Directions: Within the entries below, please retype exactly the lines starting with the line that has "Rita的標(biāo)簽創" and going on through the line that has "В рамках месячника", but not the pictures.

Records for processing:
--- START ---
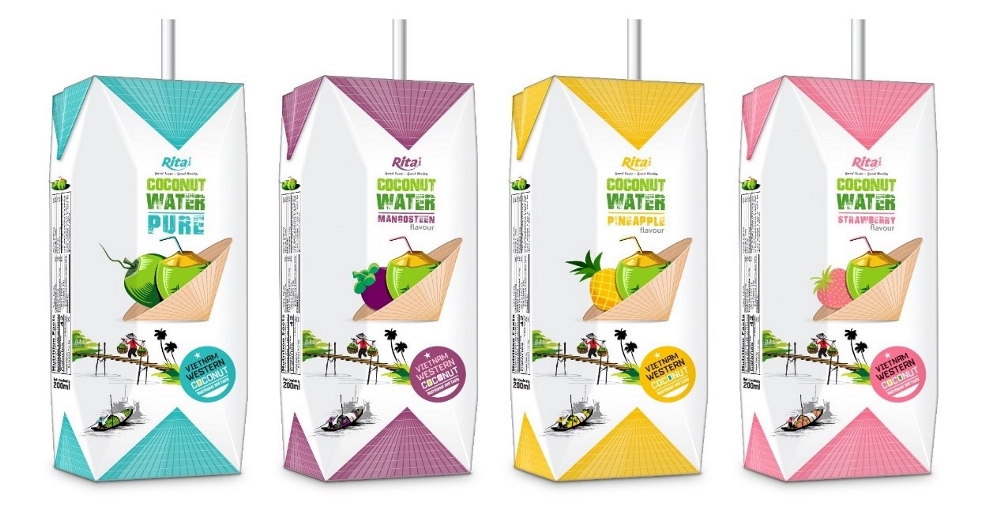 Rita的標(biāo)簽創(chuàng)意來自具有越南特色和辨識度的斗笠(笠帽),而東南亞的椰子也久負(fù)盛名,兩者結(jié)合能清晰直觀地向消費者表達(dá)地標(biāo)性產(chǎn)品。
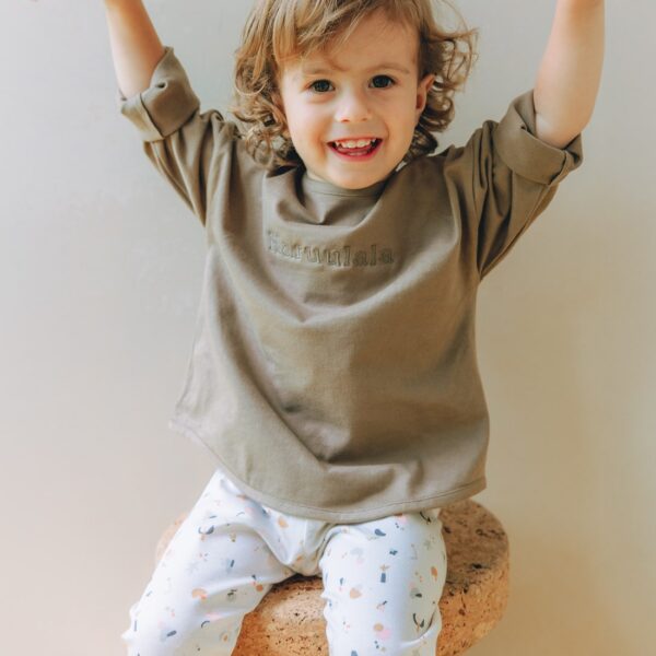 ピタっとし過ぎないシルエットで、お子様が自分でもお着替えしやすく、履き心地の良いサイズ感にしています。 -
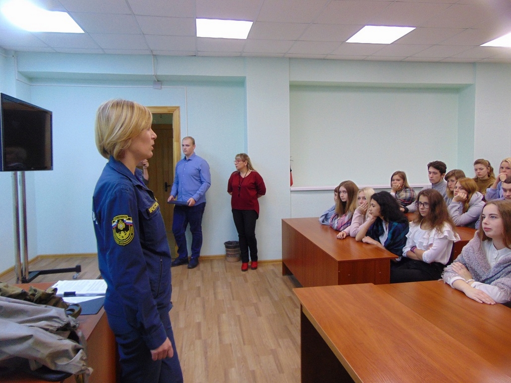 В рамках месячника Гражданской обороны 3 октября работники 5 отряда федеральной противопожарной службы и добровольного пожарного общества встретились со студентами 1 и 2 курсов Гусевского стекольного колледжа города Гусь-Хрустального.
--- END ---
--- START ---
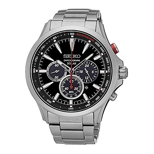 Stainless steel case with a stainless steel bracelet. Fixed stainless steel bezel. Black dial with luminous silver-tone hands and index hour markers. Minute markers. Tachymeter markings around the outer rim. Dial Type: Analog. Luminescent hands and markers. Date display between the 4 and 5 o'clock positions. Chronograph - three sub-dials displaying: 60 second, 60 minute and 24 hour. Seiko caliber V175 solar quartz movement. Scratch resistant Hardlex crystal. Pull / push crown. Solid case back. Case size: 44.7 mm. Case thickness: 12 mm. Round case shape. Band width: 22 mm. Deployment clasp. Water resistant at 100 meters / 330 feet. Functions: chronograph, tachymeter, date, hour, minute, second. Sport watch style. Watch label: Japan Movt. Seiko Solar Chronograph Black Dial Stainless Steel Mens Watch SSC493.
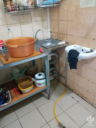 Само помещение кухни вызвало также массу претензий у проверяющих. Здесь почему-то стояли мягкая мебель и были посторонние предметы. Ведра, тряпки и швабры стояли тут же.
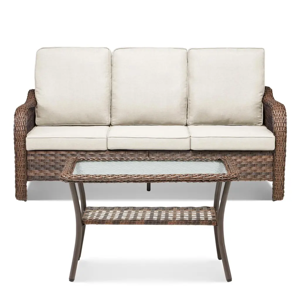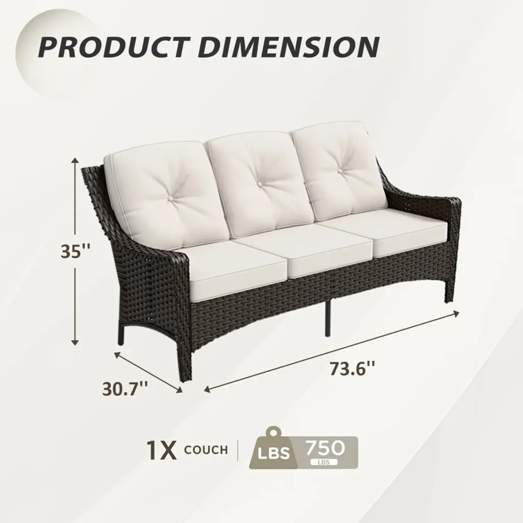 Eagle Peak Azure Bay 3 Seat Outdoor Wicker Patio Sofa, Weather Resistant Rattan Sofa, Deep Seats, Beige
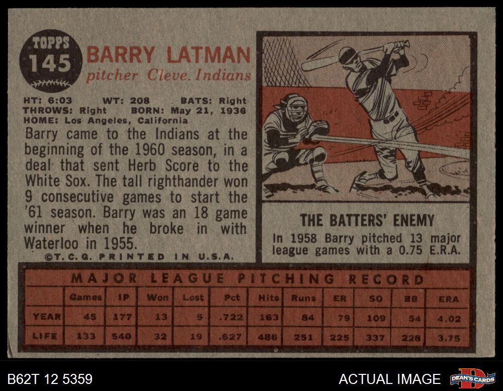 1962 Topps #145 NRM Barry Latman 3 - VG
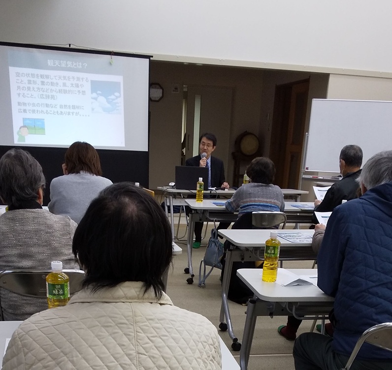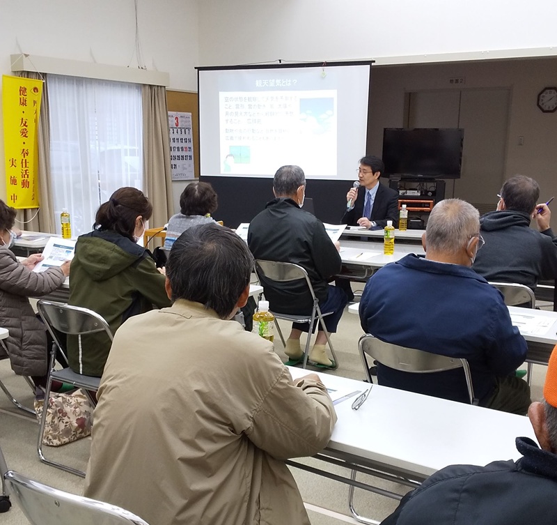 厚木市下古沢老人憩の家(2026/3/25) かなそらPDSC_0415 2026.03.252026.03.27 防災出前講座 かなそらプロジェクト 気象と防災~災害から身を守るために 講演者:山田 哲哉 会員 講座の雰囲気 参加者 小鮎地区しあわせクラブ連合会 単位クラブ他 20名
--- END ---
--- START ---
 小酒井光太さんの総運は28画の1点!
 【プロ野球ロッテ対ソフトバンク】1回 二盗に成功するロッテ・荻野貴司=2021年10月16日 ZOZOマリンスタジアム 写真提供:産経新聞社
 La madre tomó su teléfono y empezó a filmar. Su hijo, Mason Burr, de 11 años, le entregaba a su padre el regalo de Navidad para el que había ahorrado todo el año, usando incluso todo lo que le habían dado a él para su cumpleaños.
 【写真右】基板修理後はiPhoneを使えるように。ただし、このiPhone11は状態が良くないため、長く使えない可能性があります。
--- END ---
Reply:
 Rita的標(biāo)簽創(chuàng)意來自具有越南特色和辨識度的斗笠(笠帽),而東南亞的椰子也久負(fù)盛名,兩者結(jié)合能清晰直觀地向消費者表達(dá)地標(biāo)性產(chǎn)品。
 ピタっとし過ぎないシルエットで、お子様が自分でもお着替えしやすく、履き心地の良いサイズ感にしています。 -
 В рамках месячника Гражданской обороны 3 октября работники 5 отряда федеральной противопожарной службы и добровольного пожарного общества встретились со студентами 1 и 2 курсов Гусевского стекольного колледжа города Гусь-Хрустального.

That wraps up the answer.